**TASK INSTRUCTIONS:** Once you find the line with "Boats at a harbor" in the entries below, return exactly every line from it through the line with "Ehemaliges Denkmal für".

**RECORD EXTRACTS:**

☆ ☆ ☆

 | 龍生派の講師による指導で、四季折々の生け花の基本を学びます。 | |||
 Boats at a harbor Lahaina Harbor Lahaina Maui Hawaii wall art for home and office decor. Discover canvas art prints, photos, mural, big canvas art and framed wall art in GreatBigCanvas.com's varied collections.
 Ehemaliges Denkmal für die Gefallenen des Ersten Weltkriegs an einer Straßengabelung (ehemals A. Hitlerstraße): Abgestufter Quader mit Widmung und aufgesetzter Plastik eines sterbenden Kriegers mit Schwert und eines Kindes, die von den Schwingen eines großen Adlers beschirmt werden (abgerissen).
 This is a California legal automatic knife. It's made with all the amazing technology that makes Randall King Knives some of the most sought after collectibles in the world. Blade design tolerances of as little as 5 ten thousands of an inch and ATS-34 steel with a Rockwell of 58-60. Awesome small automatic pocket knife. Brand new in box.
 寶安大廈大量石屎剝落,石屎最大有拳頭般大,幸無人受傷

☆ ☆ ☆

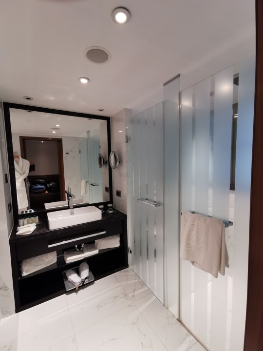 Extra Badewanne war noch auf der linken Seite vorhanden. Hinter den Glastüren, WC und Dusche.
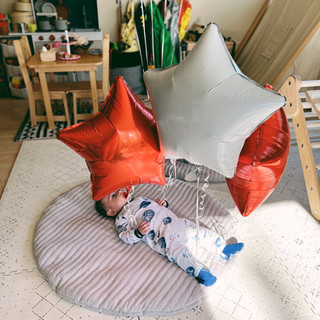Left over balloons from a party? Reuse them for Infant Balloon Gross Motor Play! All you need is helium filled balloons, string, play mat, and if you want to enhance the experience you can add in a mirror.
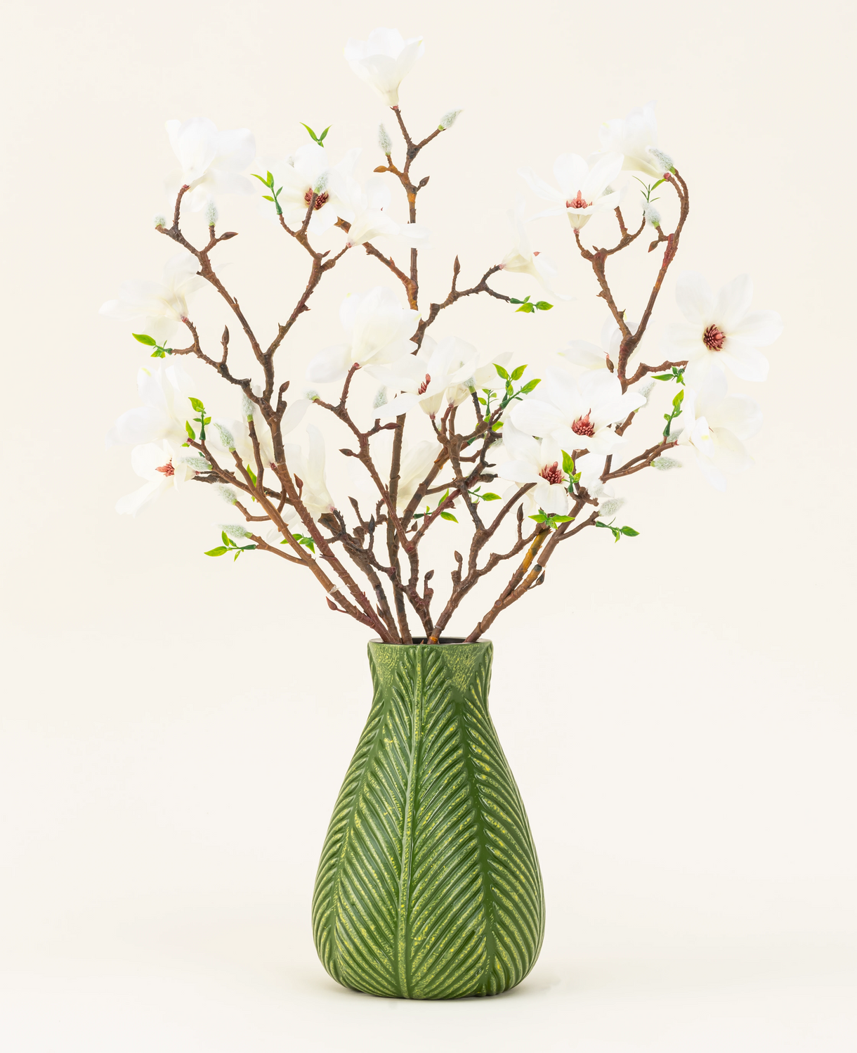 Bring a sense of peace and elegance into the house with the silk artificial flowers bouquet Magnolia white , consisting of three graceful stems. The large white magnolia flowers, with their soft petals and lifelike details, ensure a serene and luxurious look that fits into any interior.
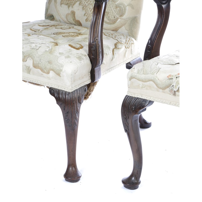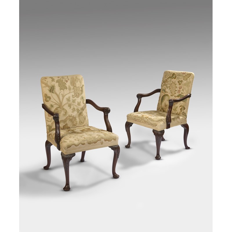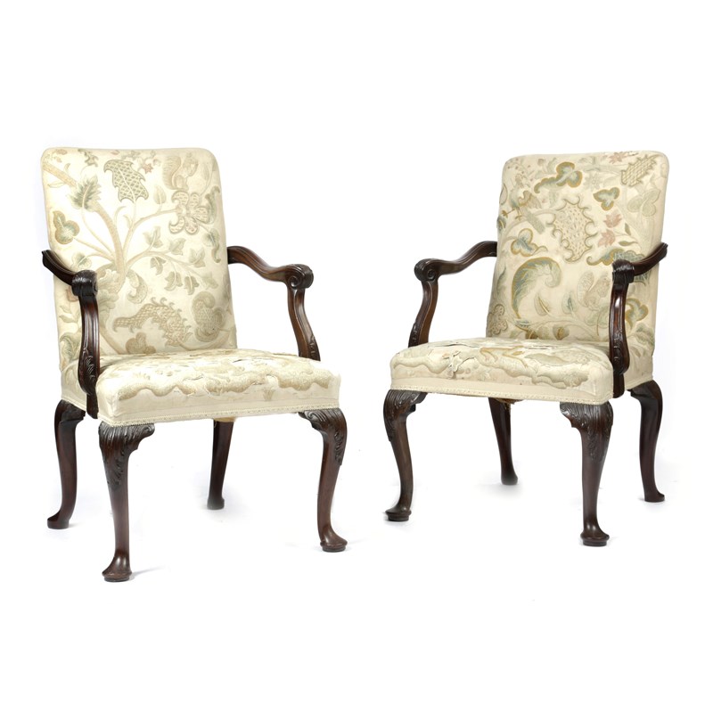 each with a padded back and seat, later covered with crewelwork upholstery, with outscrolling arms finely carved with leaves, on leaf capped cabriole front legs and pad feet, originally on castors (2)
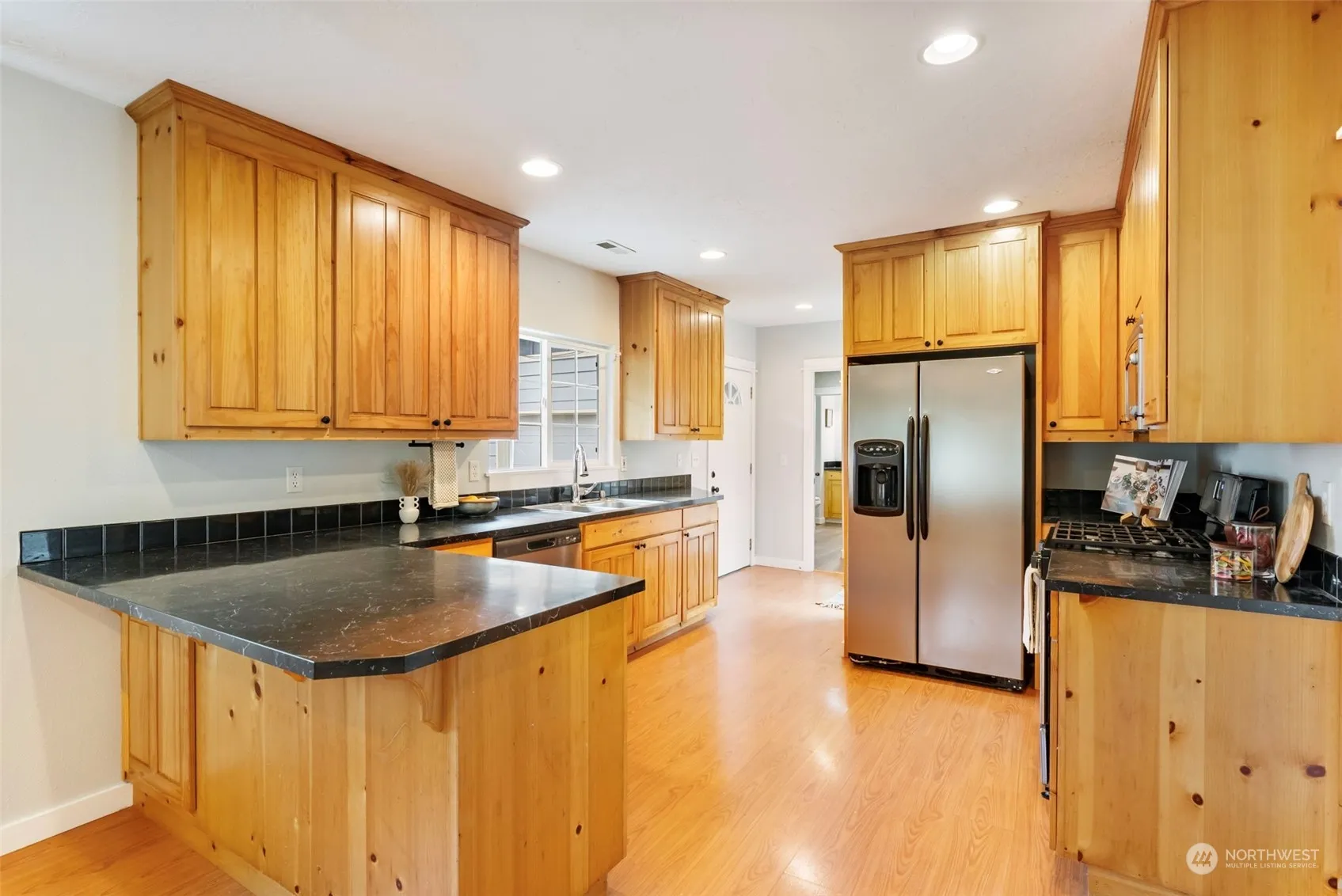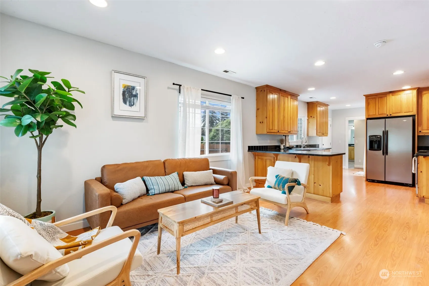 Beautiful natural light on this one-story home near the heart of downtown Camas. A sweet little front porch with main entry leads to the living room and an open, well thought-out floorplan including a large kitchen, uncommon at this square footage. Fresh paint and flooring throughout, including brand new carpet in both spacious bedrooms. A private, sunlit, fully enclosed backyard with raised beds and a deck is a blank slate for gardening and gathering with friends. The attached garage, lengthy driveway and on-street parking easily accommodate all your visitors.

☆ ☆ ☆

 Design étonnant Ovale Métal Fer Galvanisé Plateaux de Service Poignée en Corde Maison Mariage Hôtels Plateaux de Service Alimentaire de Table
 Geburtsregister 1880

☆ ☆ ☆

**TASK OUTPUT:**
 Boats at a harbor Lahaina Harbor Lahaina Maui Hawaii wall art for home and office decor. Discover canvas art prints, photos, mural, big canvas art and framed wall art in GreatBigCanvas.com's varied collections.
 Ehemaliges Denkmal für die Gefallenen des Ersten Weltkriegs an einer Straßengabelung (ehemals A. Hitlerstraße): Abgestufter Quader mit Widmung und aufgesetzter Plastik eines sterbenden Kriegers mit Schwert und eines Kindes, die von den Schwingen eines großen Adlers beschirmt werden (abgerissen).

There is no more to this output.